When stereospecifities occur in chlorinations and brominations they are governed by halonium ion intermediates. It is easy to see effects of this for cyclic alkenes which give trans-products, but for acyclic alkenes it is necessary to understand how E- and Z-isomers form diasteromeric products via halonium ion intermediates.
Halonium ions can be intercepted in nucleophilic solvents to give halohydrins. Regiochemistries for unsymmetrical alkenes are determined by relative stabilities of transitions states leading to formation of halohydrins from halonium ions.
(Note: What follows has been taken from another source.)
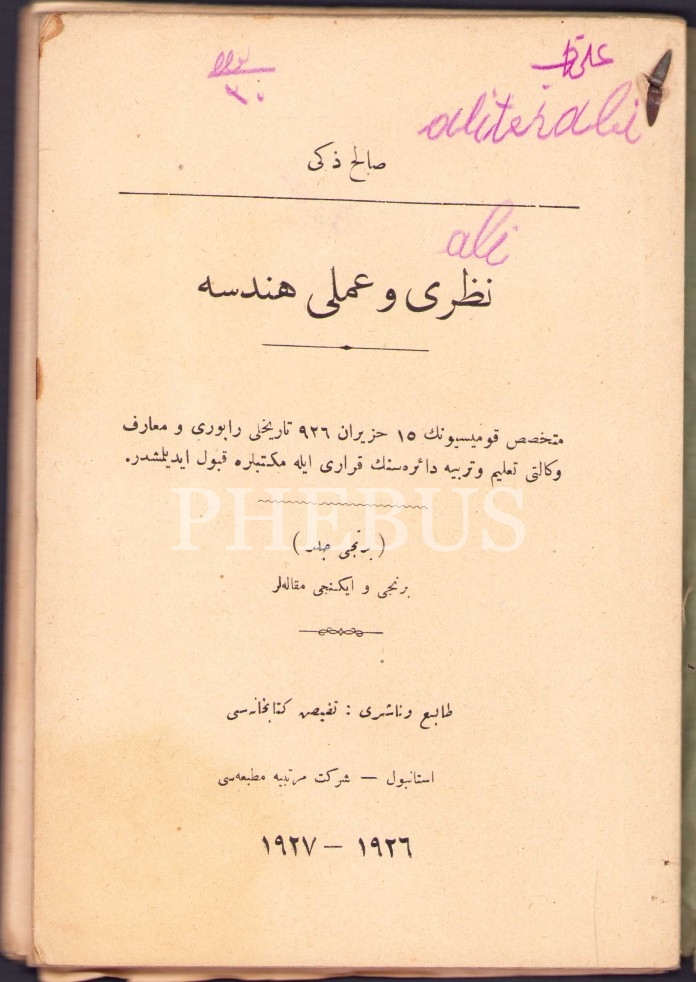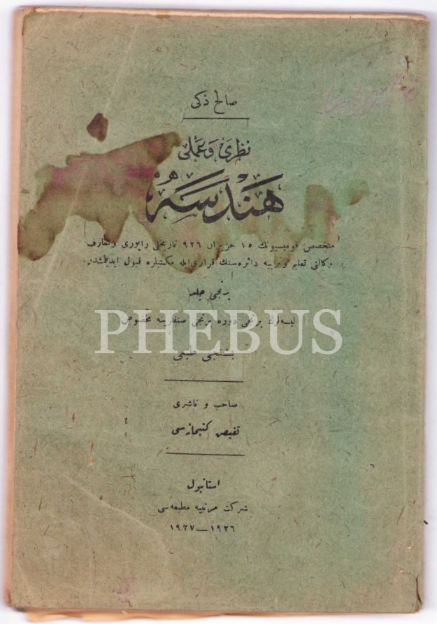Osmanlıca Nazarî ve Amelî Hendese [Birinci cilt], Tefeyyüz Kütüphanesi, Şirket-i Mürettibiye Matbaası, İstanbul 1926, 193 sayfa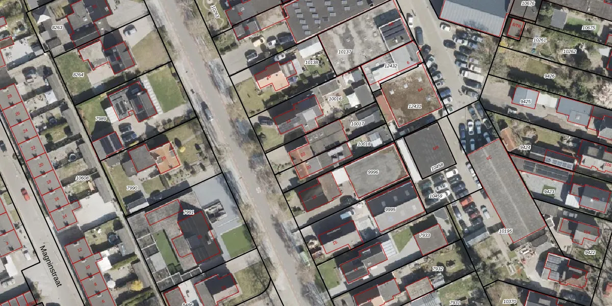 Gebruik de zoekbalk of klik op een perceel voor informatie over de adressen binnen dit perceel.

16 Epoxides And Regioselectivity
Different reaction mechanisms may apply under basic (or basic) and acidic conditions. This is important for epoxides and absolutely vital for carbonyl chemistry (featured later in this series). Under neutral and basic conditions nucleophiles tend to add directly to electrophilic substrates. However, under acidic conditions nucleophiles can be deactivated by protonation, but oxygen atoms on the substrates (here epoxides, later carbonyls) tend to be activated because they are also protonated.
17 Cycloadditions
In a special set of organic reactions, one molecule adds to another to form a ring without any apparent reason. Polar reactions are driven by electrostatic affinity of positive and negative charges, radical reactions by energy stabilizations from pairing unpaired spins, but many cycloadditions are mysteriously different. Some take place in a single step, ie they are concerted, in processes controlled by interactions of highest occupied molecular orbitals (HOMOs) and lowest unoccupied molecular orbitals (LUMOs); these are the “frontierorbitals” and such reactions are “orbital controlled”. Classically this area is illustrated by Diels Alder reactions, but more recently cycloadditions of organic azides to alkynes have become emerged as important to many branches of biomedical science. Understanding these processes earned several people Nobel Prizes (1966 and 2022). Now it is important for people studying introductory organic chemistry to understand these types of reactions, and this workbook is designed to help.